Combining structure and probabilities in a Bayesian model of human sentence processing

Srini Narayanan1 & Daniel Jurafsky2
1
SRI International and ICSI, Berkeley, 2 University of Colorado, Boulder

snarayan@icsi.berkeley.edu

 

Human language processing is sensitive to the frequency of many kinds of linguistic knowledge, including lexical frequencies, probabilistic relations between words, subcategorization frequencies, and thematic frequencies.  Experimental support for these frequency effects is robust and wide-spread.  But correctly modeling these frequency effects requires understanding how different kinds of frequencies or probabilities are combined.  Narayanan and Jurafsky (1998) proposed that human language comprehension be modeled by treating human comprehenders as Bayesian reasoners, and modeling the comprehension process with Graphical Models (Bayes Nets).  Bayes Nets provide a principled way to combine probabilistic evidence.  In this paper we extend the Narayanan and Jurafsky model to make further predictions about reading time given the probability of different parses or interpretations, and test the model against reading time data.

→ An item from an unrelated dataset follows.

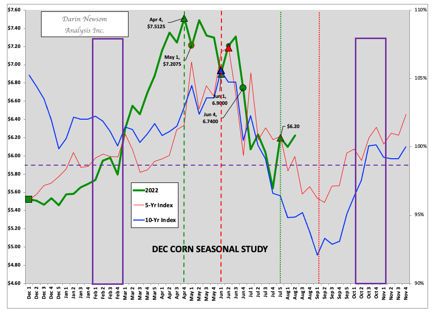 There will be a lot of talk about numbers in the corn market Friday, but the only numbers that matter are $6.20 and $6.10. If we look at my seasonal study for December corn (ZCZ22) we see the previous 4-week high weekly close was $6.20 from two weeks ago. If Dec22 closes above that mark this week, then it would confirm the contract has made an early start on its seasonal uptrend and indicates the harvest low has likely been established. However, last week saw Dec22 close at $6.10 (in both cases, note corn’s Round Number Reliance[iv]) so a close below that mark would open the door to a possible test of the low weekly close at $5.6425 (fourth week of July). Thursday saw December close at $6.2775, so we would naturally think a bullish close would be fairly safe. Normally, yes, but there is the little problem of USDA’s latest round of imaginary supply and demand numbers standing in the way of Friday’s close. Do I think this monthly bit of silliness changes anything about the corn market? No. Long-term fundamentals will still be bullish at the end of the day and the low weekly close will still be in place.Â

In the Bayesian approach, sentence processing proceeds by making a probabilistic decision about interpretations of the input sentence.  Each possible interpretation is assigned a probability, this probability is updated incrementally as each word is input, and the most-probable interpretation is chosen.  Assumptions about the dependence and independence of different probabilistic sources are represented in the topology of the graphical model.  Quantitative dependencies between knowledge sources are modeled using conditional probability tables.

The difficulty in Bayesian models is in making fine-grained reading-time predictions.  The Narayanan and Jurafsky (1998) model predicted extra reading time only when the correct parse had been pruned by the parser due to low-probability.  In our extension of their model, we also predict extra reading time whenever the next word is unpredictable (following Hale, 2001) or when a re-ranking of parse preference occurs.

We tested this extended Bayesian model of human parsing on the experimental data of McRae et al. (1998).  McRae et al. showed that thematic fit influenced by a gated sentence completion task and an on-line reading task.  We showed that a Bayesian network which included probabilities for thematic and syntactic knowledge sources was able to model off-line human jugements and on-line reading-time difficulty for agent-biased sentences.

Bayesian models have not been widely applied in psycholinguistics, despite their common use in other areas of psychology such as categorization and learning.  The Bayesian model is similar to constraint-based or connectionist models of sentence processing, but differs in having a principled way to weight and combine evidence.  Our results suggest that our Bayesian approach is able to model psycholinguistic results on evidence combination in human sentence processing, making reading-time predictions from probability.

 

References

Hale, J. (2001).  A probabilistic earley parser as a psycholinguistic model.  Proceedings of NAACL-2001.

McRae, K., Spivey-Knowlton, M., & Tanenhaus, M. K.(1998).  Modeling the effect of thematic fit (and other constraints) in on-line sentence comprehension.  Journal of Memory and Language, 38, 283 312.

Narayanan, S., & Jurafsky, D. (1998).  Bayesian models of human sentence processing.  In COGSCI-98, pp. 752-757.  Madison, WI: Lawrence Erlbaum.